Em uma cena de América, que se passava no núcleo rural da novela, um grupo de peões, representante da identidade heterossexual, masculina, apelidava Júnior de “Frutinha” e criticava a personagem por ser gay. Na seqüência, a cena mostrava o conflito, o sofrimento vivido por Júnior por se achar diferente daquele contexto, esta cena pode representar o sofrimento de vários alunos que são apelidados e identificados dessa forma tanto na família quanto na escola. O perigo continua se a escola e a mídia, ainda reproduzir, sem discussões ou “mediação”, o discurso soberano da masculinidade heterossexual.

No livro Identidade Fragmentada, Moita Lopes (2002) levanta pontos importantes para a formação da identidade do aluno. O autor expõe a importância do professor em não se tornar cúmplice da reprodução e da manutenção de uma única identidade. Logo, torna-se importante, trabalhar com as diversas identidades existentes no espaço escolar como forma de evitar a exclusão. Segundo o autor citado, “quando um aluno não consegue se encontrar no mundo descrito pelo professor é como sua vida não existisse”.
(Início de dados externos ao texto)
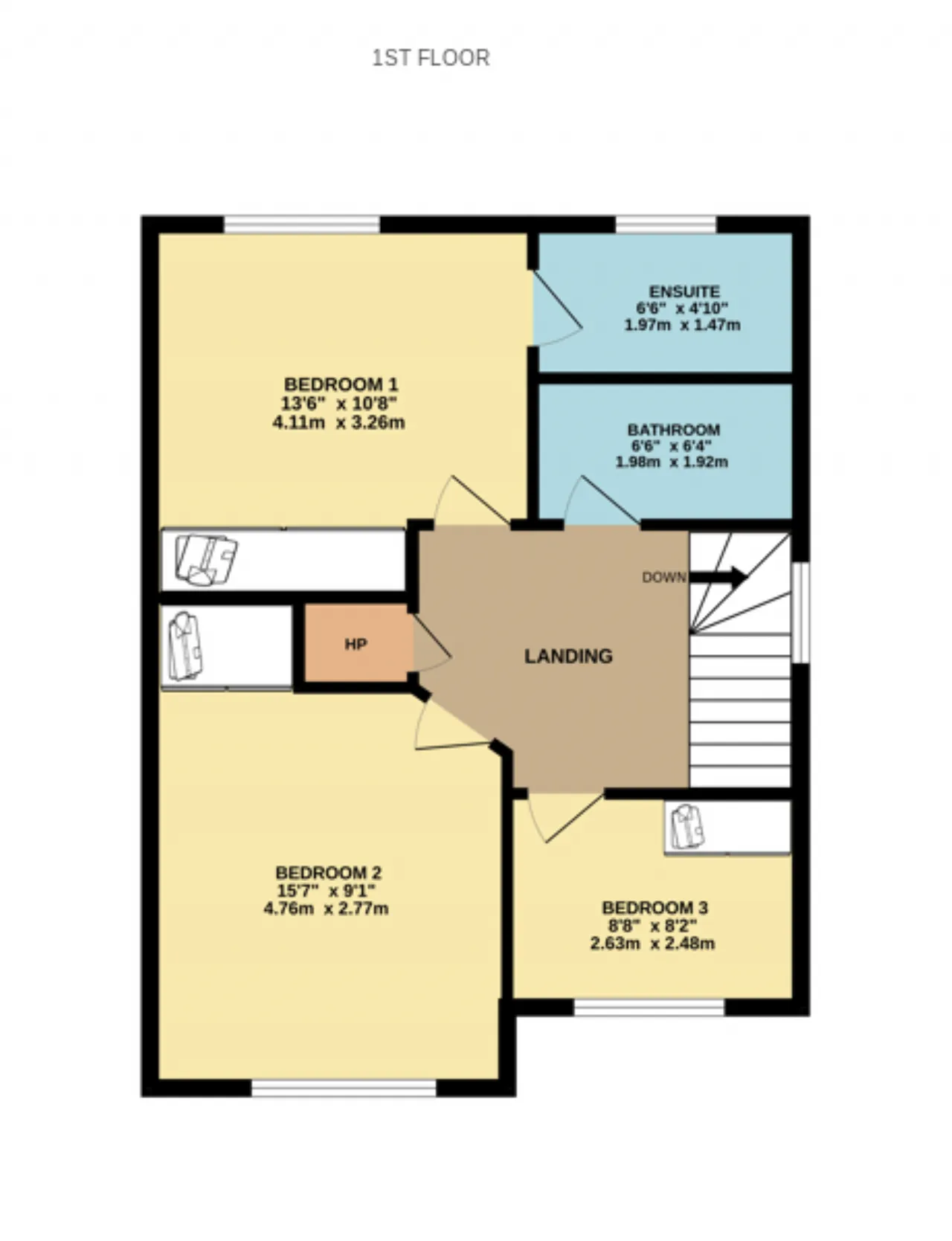 Upstairs, the sense of style continues across three generously sized bedrooms, each fitted with wardrobes and finished with newly laid flooring. The main bedroom benefits from a bright, newly refurbished en-suite, while a large family bathroom serves the remaining rooms.

Essa afirmação pode ser comprovada no caso citado por uma professora do CEBC, e também já referido anteriormente, do aluno que evadiu da escola por não suportar “brincadeiras” que o comparavam aos personagens gays da novela América e Zorra Total. Logo a importância de se trabalhar com as diversas identidades de forma sistematizada na escola, ressaltando, principalmente, a abordagem dos programas de televisão, que muitas vezes reforçam o preconceito social e estimula a exclusão.

A minha preocupação é como a escola lida com as diferentes identidades existentes no espaço escolar, a falta de reconhecimento das identidades não valorizadas pela mídia pode causar o sofrimento a alunos que estão fora desse padrão, como os homossexuais, os gordos, os altos etc, e que não conseguem se vêem nem na tevê, nem na escola, nas duas instituições reconhecidas e valorizadas socialmente pelos jovens que.

31 A novela Páginas da Vida – até a presente data da avaliação dos dados ainda encontra-se no ar, novembro

Fischer (2005) é outra autora que argumenta que os alunos não querem pertencer á condição de “anormalidade” que a novela e o programa de humor trazem para o debate público. Nas entrevistas, vários alunos se comparavam aos protagonistas da história que são sempre “perfeitos”, bonitos, inteligentes, aceitos pela maioria, o popular, o preferido para ser imitado. O gordo, o esquisito, o gay, o diferente sempre é o Outro.

A escola é uma das primeiras instituições fora da família que a criança tem contato, logo, tem a função de legitimar ou recusar as identidades que foram construídas previamente. Já a mídia com o seu alcance espetacular cumpre um papel interessante, pois ao mesmo tempo em que aproxima o mundo com o risco de homogeneizá-lo, contribui para que se perceba a diferença de que somos feitos, argumenta Moita Lopes (2002).

A compreensão do conceito sugerido por Moita Lopes pode contribuir para uma mudança de postura da escola em relação à importância dos meios de comunicação de massa, principalmente a televisão na formação cultural do estudante. No sentido de aproveitar a mídia e transformar os temas em conteúdos, com o objetivo de formar leitores capazes de compreender a multiplicidade de gêneros, de imagens, de símbolos, que circulam socialmente e podem proporcionar o pensar o real no tempo atual, valorizar a cultural juvenil, aproximar o estudante da escola na lógica da diferença e não da igualdade.